Note 2: You don't need another mailgun addon that is specific to this staging app. You can reuse the one you already have, just be sure to copy all the MAILGUN environment variables over from your production app. Furthermore, you should copy over the APP_EMAIL_ADDR and change the value to reflect your staging app name (i.e. my production value is set to [email protected]; thus, I set my staging value to [email protected]).

Note 3: Step 4 demonstrates how you can copy your production database to your staging database to do a data dump. When you run this command on your own apps, the only things to change should be your production app name and your staging app name.

You should also set up remaining environment variables that were previously discussed. Basically, all the environment variables in production (output from heroku config) should be present in the staging app. Just take care to customize the values for certain variables that should be different between the two, such as APP_EMAIL_ADDR, APP_NAME, and APP_HOST_NAME. You should also set a new secret key as the value of the SECRET_KEY_BASE variable.

Restoring your production database to your local development database

If you have a local deployment running on your machine, sometimes it's useful to have your local database in sync, at least momentarily, with your production database. Here are the high level steps that can be used to achieve this:

  1. Create a database dump of production
  2. Remove your local development database if it already exists by the name you want to restore into.
  3. Create an empty database using the name that you want to restore into.
  4. Restore your production database into your local database.

And here are the actual commands:

  1. Stop your local rails app and close all connections to your database.

  2. heroku pg:backups:download.
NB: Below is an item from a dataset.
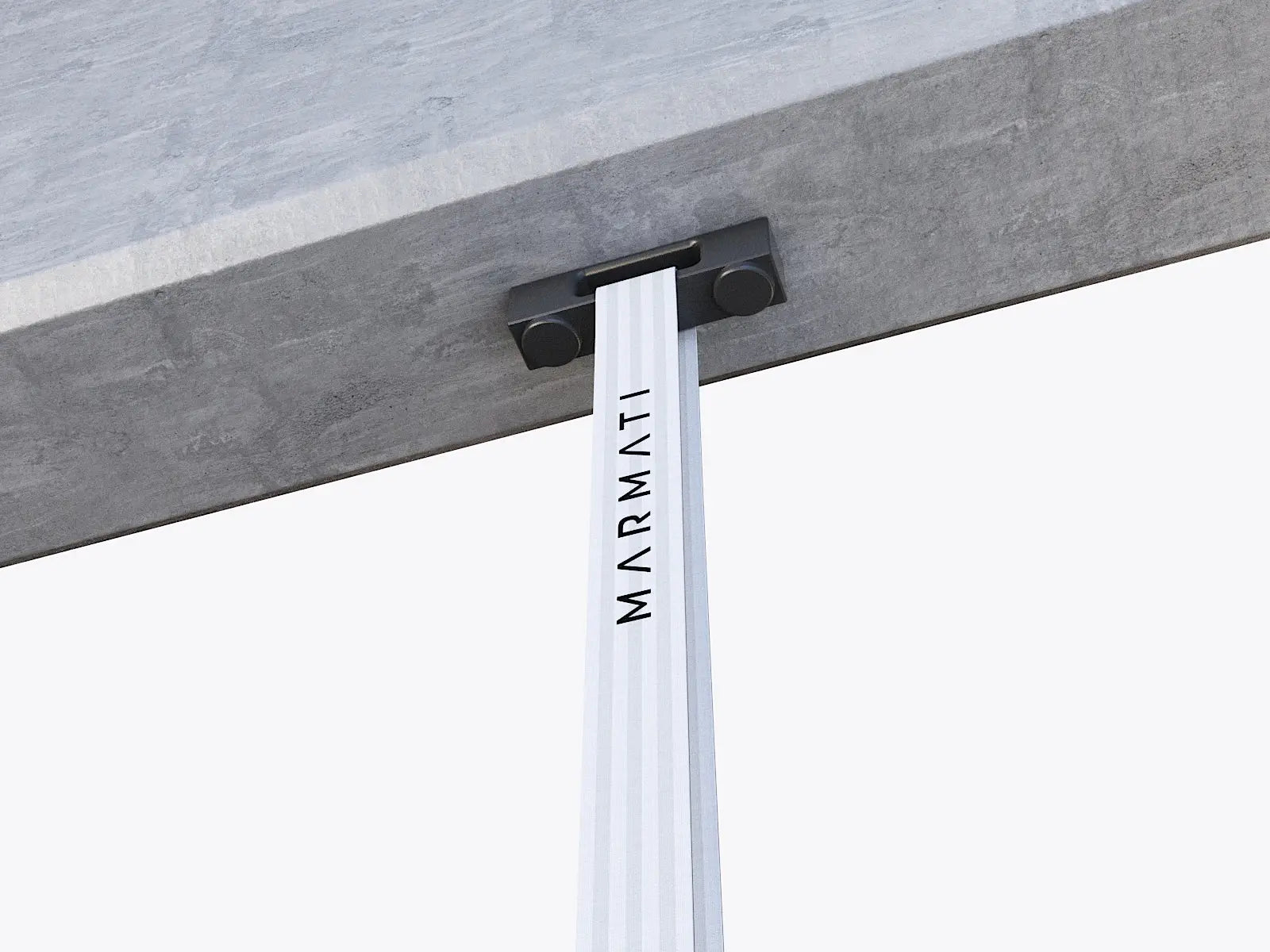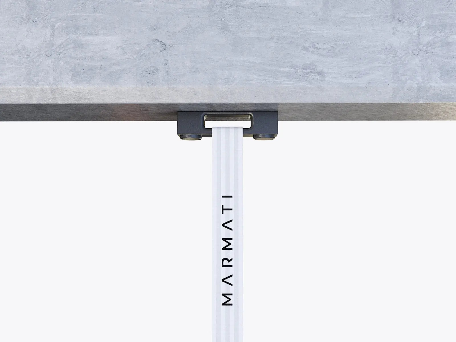 Concrete surface with a metal support structure featuring 'Marmati' branding. #color_black

This will download the latest database dump to a file named latest.dump. You can create a database dump with the command heroku pg:backups:capture.

  3. Lookup the name of your development database in your config/database.yaml file in your rails app; lets refer to this name with the variable $dev_db.
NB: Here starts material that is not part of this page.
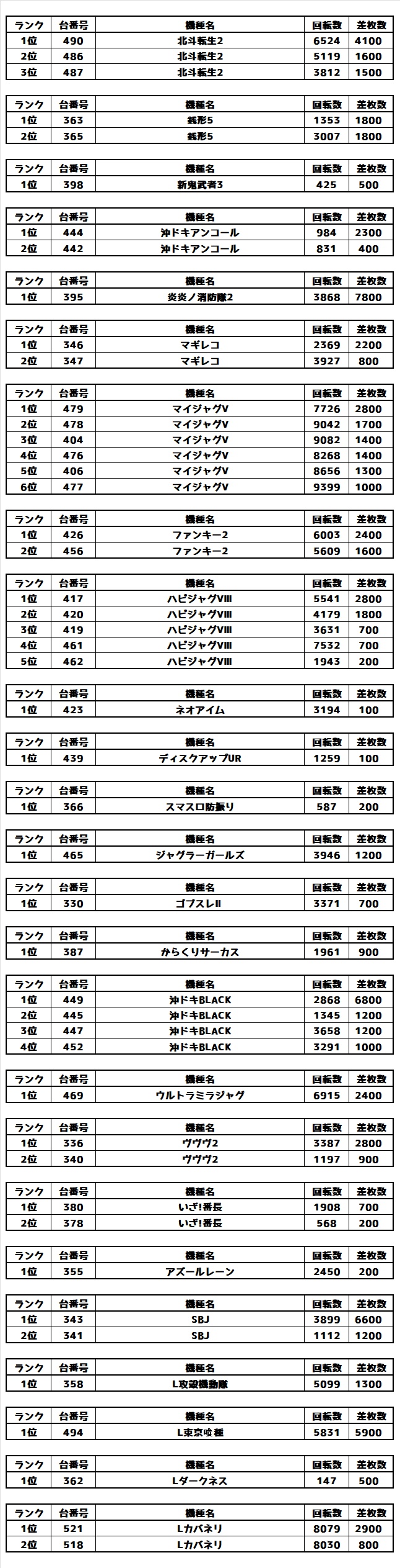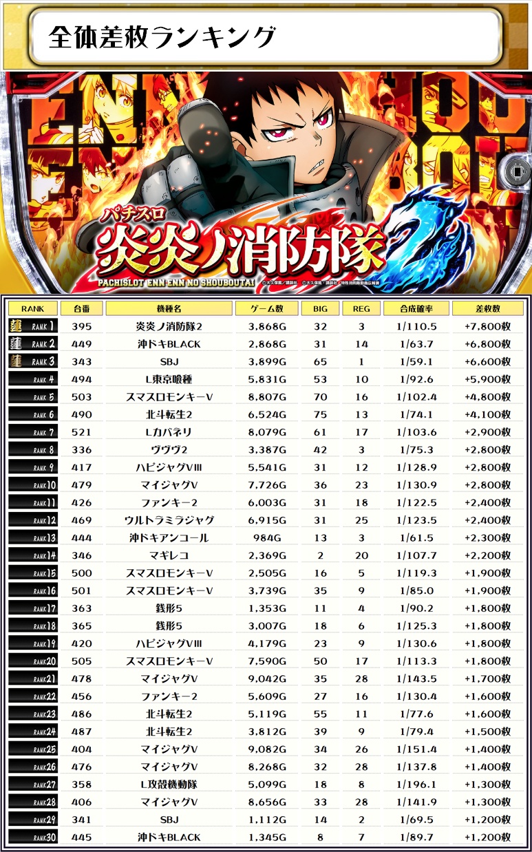 その他機種の差枚ランキング

  4. Run the command-line script dropdb with the name of the development database as the only positional argument: dropdb $dev_db. When prompted for a password, use the admin password you set up when you install Postgresql.

  5. Run the command-line script createdb as follow: createdb $dev_db. When prompted for a password, use the admin password you set up when you install Postgresql.

  6. Run the command-line script pg_restore as: pg_restore --verbose --clean --no-acl --no-owner -h localhost -U pulsar -d pulsar_dev ~/latest.dump. When prompted for a password, use the password specified in your app's config/database.yaml file. See Heroku documentation for more details.

  7. Start up your local deployment and you should be good to go!

Working with the staging app

There are two deployments of Pulsar LIMS - one for production and another for staging. The staging deployment is used for testing new changes out. To start working in staging, create a separate clone of the pulsar_lims git repository. You should have one clone for production, and another for staging. Clone the repository git clone https://github.com/nathankw/pulsar_lims.git Then set the Heroku remote tracking branch with
heroku git:remote -a pulsar-encode-staging And finally, rename the remote tracking branch from the default of "heroku" to something more meaningful, i.e. staging, with: git remote rename heroku staging There is more documentation on this on Heroku.

Creating a database dump from production to staging

This is necessary to synchronize the databases from time to time.

Follow these steps:

  1. cd into staging clone of the repository that you set up as stated above.
  2. Copy the production database over to the staging database, replacing the one in staging, by running the command heroku pg:copy pulsar-encode::DATABASE DATABASE -a staging-pulsar-encode
  3. Next, you need to recreate all the Elasticsearch indices in the staging app. To do so, first start a one-off Heroku dyno with heroku run bash. Once you get into the dyno, go into the app's lib directory. There you'll see a file called rails_console_utils.rb. Execute this by typing ruby rails_console_utils.rb.